Combining dynamical decoupling with fault-tolerant quantum computation

Abstract

We study how dynamical decoupling (DD) pulse sequences can improve the reliability of quantum computers. We prove upper bounds on the accuracy of DD-protected quantum gates and derive sufficient conditions for DD-protected gates to outperform unprotected gates. Under suitable conditions, fault-tolerant quantum circuits constructed from DD-protected gates can tolerate stronger noise and have a lower overhead cost than fault-tolerant circuits constructed from unprotected gates.
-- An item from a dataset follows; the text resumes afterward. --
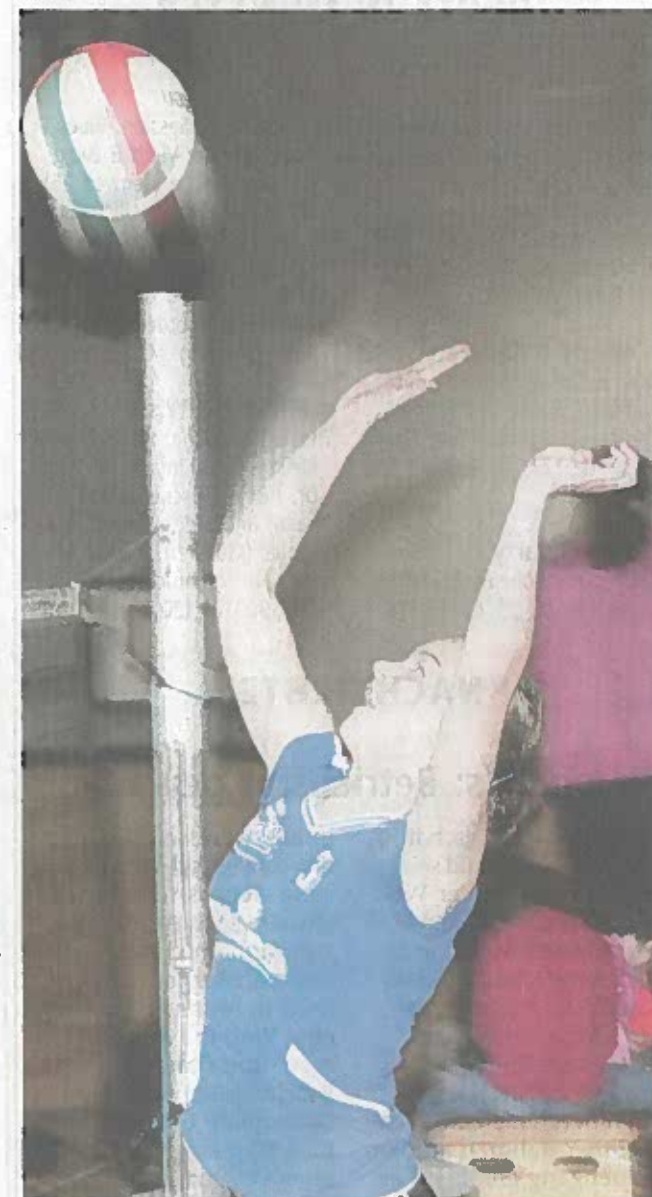
An zwei Tagen pritschte, baggerte und schmetterte der Volleyball-Nachwuchs in Dülmen.

Bei den C-Jugendlichen am Samstag traten 15 Teams an. Gastgeber TV Dülmen belegte die Plätze sechs und acht. Die erste Mannschaft des TV Dülmen verpasste hier nur ganz knapp die Finalrunde. Bei diesem Turnier setzte sich Borken vor Sen-

Our accuracy estimates depend on the dynamics of the bath that couples to the quantum computer and can be expressed either in terms of the operator norm of the bath's Hamiltonian or in terms of the power spectrum of bath correlations; we explain in particular how the performance of recursively generated concatenated pulse sequences can be analyzed from either viewpoint. Our results apply to Hamiltonian noise models with limited spatial correlations.

Additional Information

© 2011 American Physical Society. Received 1 April 2011; published 5 July 2011. Research of H.K.N. and J.P. is supported by NSF under Grant No. PHY-0803371. J.P.'s research is also supported by the DOE under Grant No. DE-FG03-92-ER40701, and by NSA/ARO under Grant No. W911NF-09-1-0442. D.A.L. thanks the Institute for Quantum Information at Caltech, where this work was done, and acknowledges funding from the US Department of Defense, Grants No. NSF PHY-803304, No. NSF PHY-802678, and No. NSF CCF-726439. We thank Kurt Litsch for doing a numerical analysis of the recursion relations in Sec. VIIIA and for suggesting ways to improve some of our arguments.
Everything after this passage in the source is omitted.